La prénommée Mariamu témoigne qu’elle a passé tout un mois à attendre alors qu’elle comptait seulement cinq jours pour s’acheter cinq sacs de ciment BUCECO.
Comme l’attente a été très longue, le mur de sa clôture qu’elle voulait cimenter a fini par céder suite à la pluie.
Le constat malheureux est que les gens de Gitega qui ont besoin du ciment BUCECO sont obligés d’attendre une éternité en faisant des va- et- viens chaque matin à faire le tour des magasins, le but étant de vérifier si, par hasard, cette perle noire est de nouveau disponible.
Les commerçants leur indiquent qu’ils doivent aller d’abord se faire inscrire à la commune et qu’ils seront informés de l’arrivée de ce ciment.
« Chaque matin c’était mon travail. Je faisais le tour de tous les magasins et j’avais même trouvé des guetteurs qui m’avertiraient si des camions venaient à décharger ce ciment à Gitega. J’ai fini par réaliser que je m’étais beaucoup trompée », témoigne une dame qui était déterminée à attendre le ciment BUCECO qui lui coûterait moins cher. Elle s’est résolue à aller prendre celui qui vient de la Tanzanie.
« Au moment où j’ai perdu mon temps en cherchant le ciment le moins cher, un sac du ciment Dangote 3X coutait 51 000 FBu. Quand je me suis décidée à l’acheter, le sac était à 53 000 FBu », raconte-t-elle.
Le prénommé Jérémie a connu une autre mésaventure. En effet, alors qu’il avait engagé quatre maçons croyant qu’il allait avoir facilement les 30 sacs de ciment, il ne les a pas eus. Il a dû payer les quatre maçons qui ont passaient toute une semaine sans ériger même un mètre de hauteur sous prétexte qu’ils attendaient le ciment pour faire le béton.
Une complicité
Dans ce genre de situation, la contrebande et la spéculation deviennent une règle. Quand par exemple un ou deux camions déchargent plus de 1 000 sacs de ciment à Gitega, il faut compter au moins une heure pour que toute la cargaison disparaisse.
Les clients, pour ne pas dire les commissionnaires, se bousculent alors et achètent tout. Ceux qui sont plus dans le besoin, c’est-à-dire ceux qui le cherchent pour construire leurs maisons rentrent bredouille.
« J’ai été étonné quand quelqu’un m’a proposé de lui donner 51 000 FBu pour le sac. Il m’a dit de lui donner seulement l’argent et de l’attendre quelque part. Je ne sais pas là où il a pris, mais c’était bel et bien un sac du ciment de BUCECO alors qu’il y’a presque un mois sans qu’il y ait une nouvelle livraison officielle de ce produit », souligne Calinié.
D’après certains témoignages, il s’agit du ciment que les commissionnaires cachent, sac par sac, à des endroits différents pour le revendre tranquillement à un prix dépassant de loin le prix officiel.
« Ils sont toujours non loin des magasins et guettent ceux qui entrent pour leur proposer ce service. Jamais ils ne te diront qu’ils ont deux sacs.
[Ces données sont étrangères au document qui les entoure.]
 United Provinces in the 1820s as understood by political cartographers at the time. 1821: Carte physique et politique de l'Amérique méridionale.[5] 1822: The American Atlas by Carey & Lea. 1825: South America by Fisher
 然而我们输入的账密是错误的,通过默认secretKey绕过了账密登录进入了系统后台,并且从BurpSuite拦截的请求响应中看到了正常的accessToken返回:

Ils te parlent de quelqu’un qui a terminé son chantier et qu’il a un peu de ciment qu’il veut revendre pour acheter des clous ou autre chose », explique le prénommé Jean Claude rencontré au centre-ville le matin 23 janvier 2024.
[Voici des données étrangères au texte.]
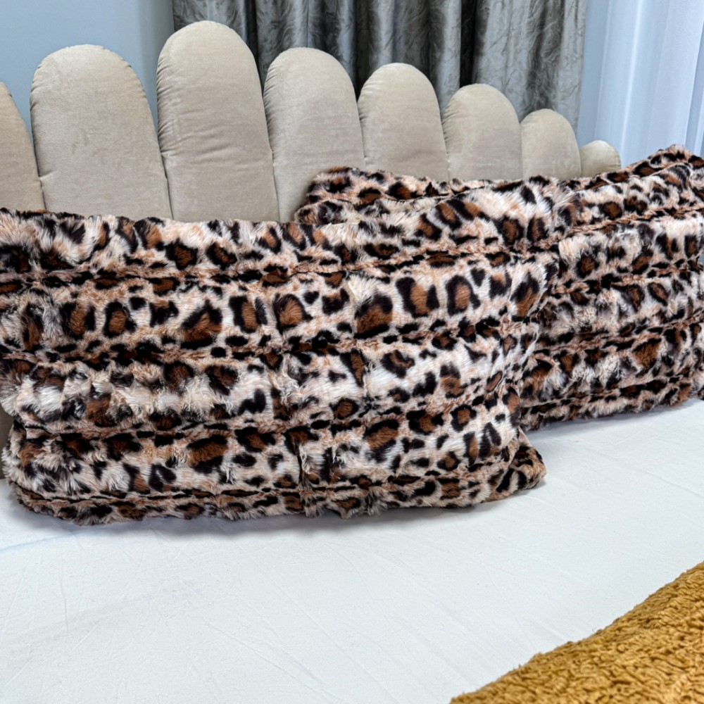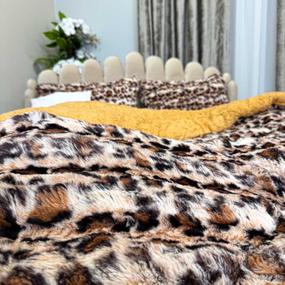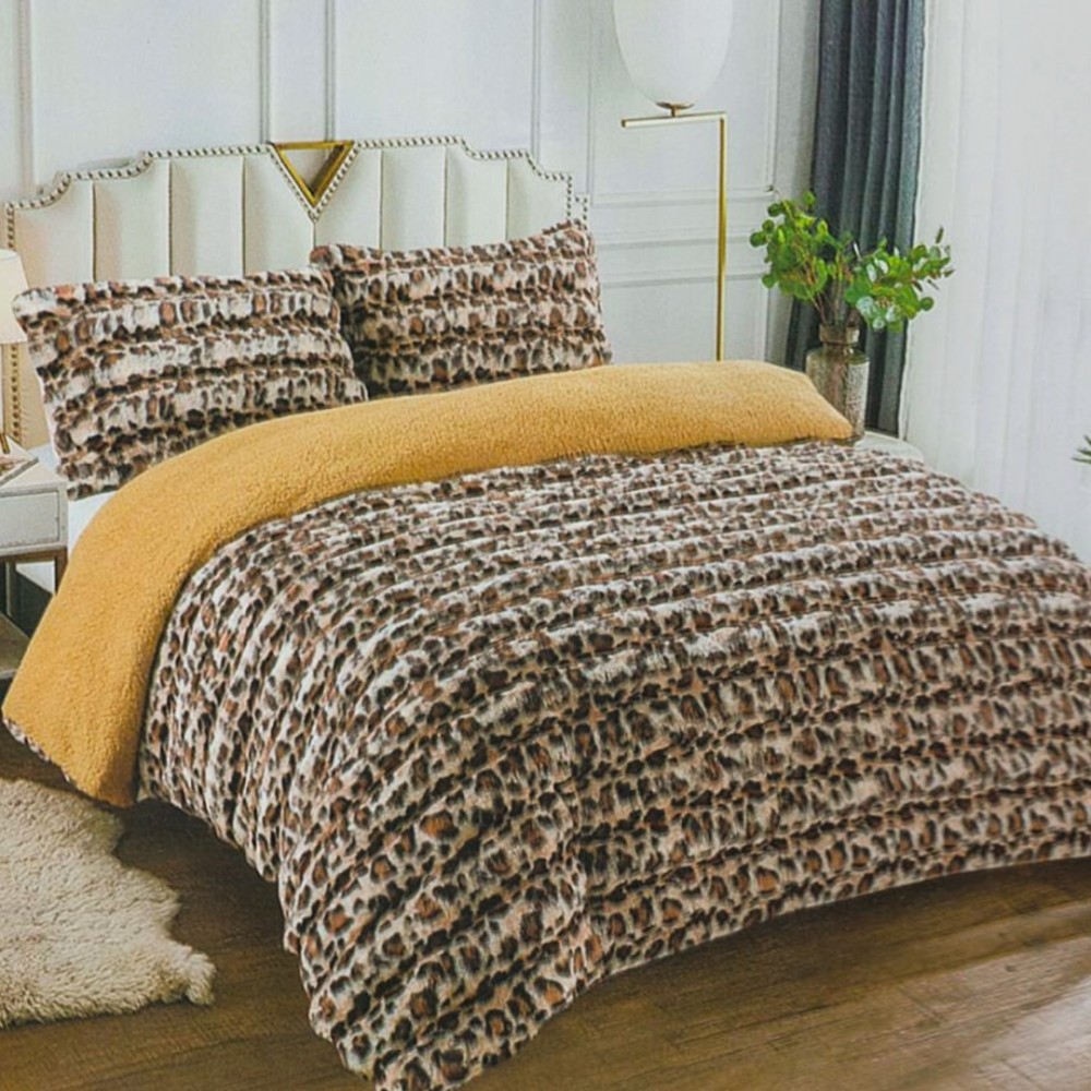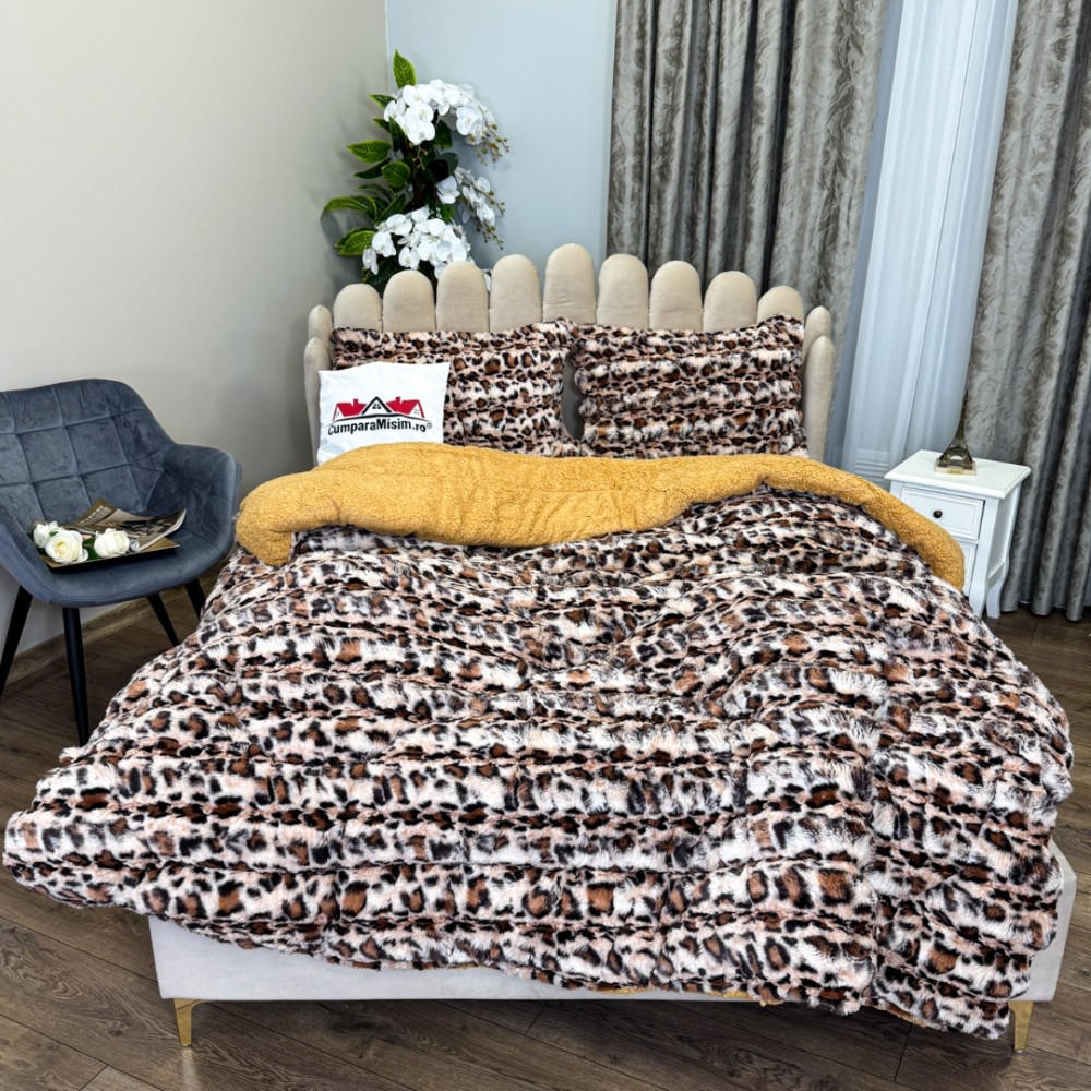 Pilota Groasă cu Fața din Blăniță Artificială de Iepure Dungat și Dos din Blăniță Sherpa, Umplutură Vatelină Siliconică, 200x230 cm + 2 fete de perna 50x70cm - Confort Termic Premium și Eleganță pentru Nopți Racoroase, Bej, Maro, leopard print, Cocolino, cod produs: CSA-PF16

« A y regarder de près, ils sont en contact avec les propriétaires des magasins. Je ne sais pas comment ils se débrouillent pour le cacher mais je suis sûr qu’ils travaillent pour eux », ajoute-il. Aujourd’hui, ceux qui ont des moyens ou de grands chantiers ne perdent pas leur temps à chercher l’introuvable. Ils font les commandes directement en Tanzanie.
Pour les moins nantis, ils mettent l’argent ensemble et se partagent tout le camion. Ceux qui ont du ciment en provenance de la Tanzanie, ont-ils une autorisation d’importation ? Seules des enquêtes approfondies pourraient le dire.